__Try it__:
Return verbatim every line from the first line of the data below to the line that contains "MDT’s Director Long", inclusive, and no further.

__Materials provided__:
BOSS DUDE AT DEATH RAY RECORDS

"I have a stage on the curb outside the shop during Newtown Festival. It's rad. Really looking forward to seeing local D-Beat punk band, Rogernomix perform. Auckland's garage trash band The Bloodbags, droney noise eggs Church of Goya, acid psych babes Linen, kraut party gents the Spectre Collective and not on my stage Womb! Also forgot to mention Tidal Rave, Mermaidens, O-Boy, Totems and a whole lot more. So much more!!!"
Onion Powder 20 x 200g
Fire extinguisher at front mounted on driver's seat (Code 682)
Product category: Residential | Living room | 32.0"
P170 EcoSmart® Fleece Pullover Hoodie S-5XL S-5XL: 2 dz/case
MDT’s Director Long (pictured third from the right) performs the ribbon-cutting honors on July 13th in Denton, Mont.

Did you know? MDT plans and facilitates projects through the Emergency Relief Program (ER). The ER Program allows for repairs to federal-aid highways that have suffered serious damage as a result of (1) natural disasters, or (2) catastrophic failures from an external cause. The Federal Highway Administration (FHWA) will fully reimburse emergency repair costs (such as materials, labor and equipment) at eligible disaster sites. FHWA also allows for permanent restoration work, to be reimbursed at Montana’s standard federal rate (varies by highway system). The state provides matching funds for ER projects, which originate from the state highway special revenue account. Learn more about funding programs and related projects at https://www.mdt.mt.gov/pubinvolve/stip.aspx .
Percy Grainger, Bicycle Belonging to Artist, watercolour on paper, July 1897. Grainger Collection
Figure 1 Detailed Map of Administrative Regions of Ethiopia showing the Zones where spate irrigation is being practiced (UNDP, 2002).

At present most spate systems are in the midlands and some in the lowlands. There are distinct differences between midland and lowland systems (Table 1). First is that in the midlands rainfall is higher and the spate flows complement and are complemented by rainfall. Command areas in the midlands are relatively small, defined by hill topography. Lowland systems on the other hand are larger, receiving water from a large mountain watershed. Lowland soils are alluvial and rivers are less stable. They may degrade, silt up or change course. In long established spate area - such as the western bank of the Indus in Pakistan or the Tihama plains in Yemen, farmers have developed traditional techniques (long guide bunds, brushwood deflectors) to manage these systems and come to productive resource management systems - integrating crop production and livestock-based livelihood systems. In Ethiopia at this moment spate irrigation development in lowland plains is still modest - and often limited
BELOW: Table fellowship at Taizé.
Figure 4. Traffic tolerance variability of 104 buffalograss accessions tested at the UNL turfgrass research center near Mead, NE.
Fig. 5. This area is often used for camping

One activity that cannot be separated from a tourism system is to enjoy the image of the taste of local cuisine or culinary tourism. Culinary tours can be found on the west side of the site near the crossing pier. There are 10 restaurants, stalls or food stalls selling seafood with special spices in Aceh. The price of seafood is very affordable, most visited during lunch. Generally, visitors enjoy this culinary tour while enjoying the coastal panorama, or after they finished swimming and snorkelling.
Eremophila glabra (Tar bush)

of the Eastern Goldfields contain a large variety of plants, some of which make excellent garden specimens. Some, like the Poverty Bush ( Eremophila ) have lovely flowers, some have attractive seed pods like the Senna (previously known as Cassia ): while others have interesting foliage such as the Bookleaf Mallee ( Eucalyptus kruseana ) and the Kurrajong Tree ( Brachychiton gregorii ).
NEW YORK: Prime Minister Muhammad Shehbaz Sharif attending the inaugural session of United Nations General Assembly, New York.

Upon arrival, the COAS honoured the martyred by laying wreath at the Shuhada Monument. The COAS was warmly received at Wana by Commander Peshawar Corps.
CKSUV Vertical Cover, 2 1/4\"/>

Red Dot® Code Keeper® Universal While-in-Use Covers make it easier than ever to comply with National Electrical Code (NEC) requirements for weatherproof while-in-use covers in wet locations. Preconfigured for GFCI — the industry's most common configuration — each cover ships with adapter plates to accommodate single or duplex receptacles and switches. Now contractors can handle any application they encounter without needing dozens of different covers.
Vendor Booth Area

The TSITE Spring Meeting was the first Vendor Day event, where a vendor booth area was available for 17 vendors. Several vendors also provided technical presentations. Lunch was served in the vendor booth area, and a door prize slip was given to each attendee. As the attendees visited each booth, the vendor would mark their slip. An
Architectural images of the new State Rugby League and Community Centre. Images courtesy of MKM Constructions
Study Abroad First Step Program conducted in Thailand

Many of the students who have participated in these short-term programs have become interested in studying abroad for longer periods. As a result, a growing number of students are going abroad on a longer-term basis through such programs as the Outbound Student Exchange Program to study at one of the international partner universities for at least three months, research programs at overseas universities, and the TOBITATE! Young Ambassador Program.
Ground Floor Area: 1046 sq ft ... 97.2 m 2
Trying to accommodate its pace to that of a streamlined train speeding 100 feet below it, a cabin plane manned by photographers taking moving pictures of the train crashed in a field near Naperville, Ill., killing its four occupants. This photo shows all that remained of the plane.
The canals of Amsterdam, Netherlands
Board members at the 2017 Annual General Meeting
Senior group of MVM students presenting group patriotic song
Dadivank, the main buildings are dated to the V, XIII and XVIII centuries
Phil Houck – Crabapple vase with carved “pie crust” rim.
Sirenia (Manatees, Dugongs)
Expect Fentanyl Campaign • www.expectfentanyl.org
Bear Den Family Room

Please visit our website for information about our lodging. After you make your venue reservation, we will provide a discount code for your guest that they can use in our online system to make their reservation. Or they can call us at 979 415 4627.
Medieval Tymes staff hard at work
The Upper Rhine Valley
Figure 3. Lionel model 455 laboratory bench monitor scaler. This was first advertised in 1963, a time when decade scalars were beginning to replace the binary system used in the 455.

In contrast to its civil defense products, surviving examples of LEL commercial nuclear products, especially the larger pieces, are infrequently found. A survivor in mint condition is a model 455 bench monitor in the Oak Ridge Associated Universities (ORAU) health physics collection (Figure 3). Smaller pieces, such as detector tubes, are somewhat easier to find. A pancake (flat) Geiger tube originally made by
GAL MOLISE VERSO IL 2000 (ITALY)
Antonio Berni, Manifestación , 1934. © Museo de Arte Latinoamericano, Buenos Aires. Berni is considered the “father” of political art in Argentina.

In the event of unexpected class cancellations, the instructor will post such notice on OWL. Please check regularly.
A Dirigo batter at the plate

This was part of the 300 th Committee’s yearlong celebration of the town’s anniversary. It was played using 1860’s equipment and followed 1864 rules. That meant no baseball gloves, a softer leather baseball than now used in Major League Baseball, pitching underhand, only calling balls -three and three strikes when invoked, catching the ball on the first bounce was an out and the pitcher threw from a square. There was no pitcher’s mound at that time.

__Your response__:
BOSS DUDE AT DEATH RAY RECORDS

"I have a stage on the curb outside the shop during Newtown Festival. It's rad. Really looking forward to seeing local D-Beat punk band, Rogernomix perform. Auckland's garage trash band The Bloodbags, droney noise eggs Church of Goya, acid psych babes Linen, kraut party gents the Spectre Collective and not on my stage Womb! Also forgot to mention Tidal Rave, Mermaidens, O-Boy, Totems and a whole lot more. So much more!!!"
Onion Powder 20 x 200g
Fire extinguisher at front mounted on driver's seat (Code 682)
Product category: Residential | Living room | 32.0"
P170 EcoSmart® Fleece Pullover Hoodie S-5XL S-5XL: 2 dz/case
MDT’s Director Long (pictured third from the right) performs the ribbon-cutting honors on July 13th in Denton, Mont.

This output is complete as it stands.